Hi Cidrontmg, I have small pieces of walnut, .375 x .375 glued to the lower half of the box floor. These keep the engines from shifting around when being moved. I also plan on gluing some angle gussets to the inside walls that will have small rubber pads that will come down to a surface on the engine and hold it form moving up and down. With all the buffed and fragile parts I haven't quite figured out how to do this last step yet. 
George


----------



## ksouers (Jul 28, 2010)

George,
Have you thought of styrofoam blocks to hold the engines steady? Much easier to shape it to the engines than wood. A nice covering of velor would hide it nicely.

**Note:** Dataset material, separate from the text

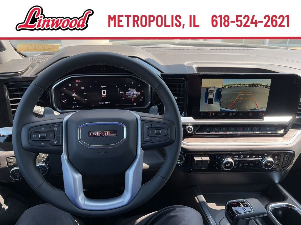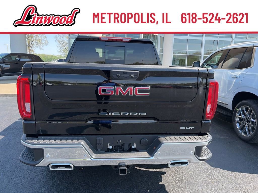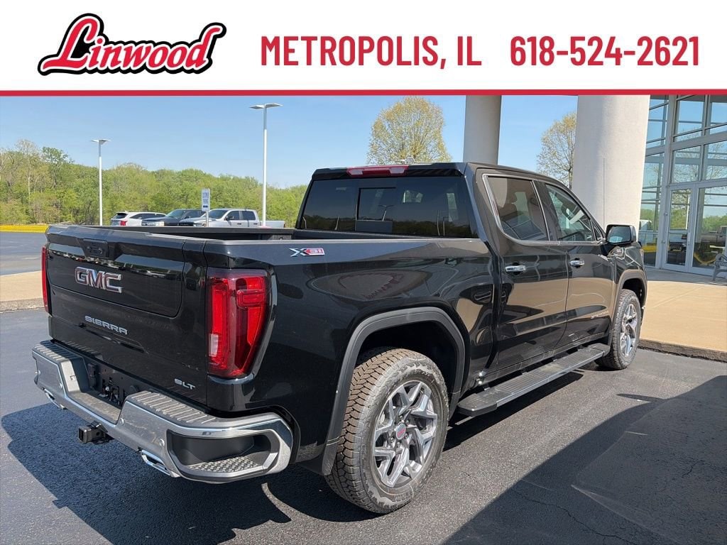 Onyx Black 2026 GMC Sierra 1500 SLT 4WD 10-Speed Automatic 3.0L I6 Apple CarPlay, Android Auto, Leather Seats, Navigation System, Bluetooth, Backup Camera, Remote Start, 10-Speed Automatic, 4WD, Jet Black Leather, Hitch Guidance, Navigation System, Standard Suspension Package, Trailering Package.

I can't add to what others have said. Just plain WOW! Beautiful work.


----------



## pete (Jul 29, 2010)

George,
I know barely enough about woodwork to know how much time and effort something like just one of those boxes is. Like all of your engines your work is simply, Better than great.

Pete


----------



## steamer (Jul 30, 2010)

Great work George!.....As usual, your gift is truly remarkable....

Dave


----------



## kvom (Jul 30, 2010)

Given how you made the motorcycle engine, I feel that its box should have been milled from a solid block of billet.  ;D

Lacking that, the boxes are superb.  :bow:


----------



## ChooChooMike (Jul 30, 2010)

Excellent work George and like every one has already stated - LOVE the name plaques !

Mike


----------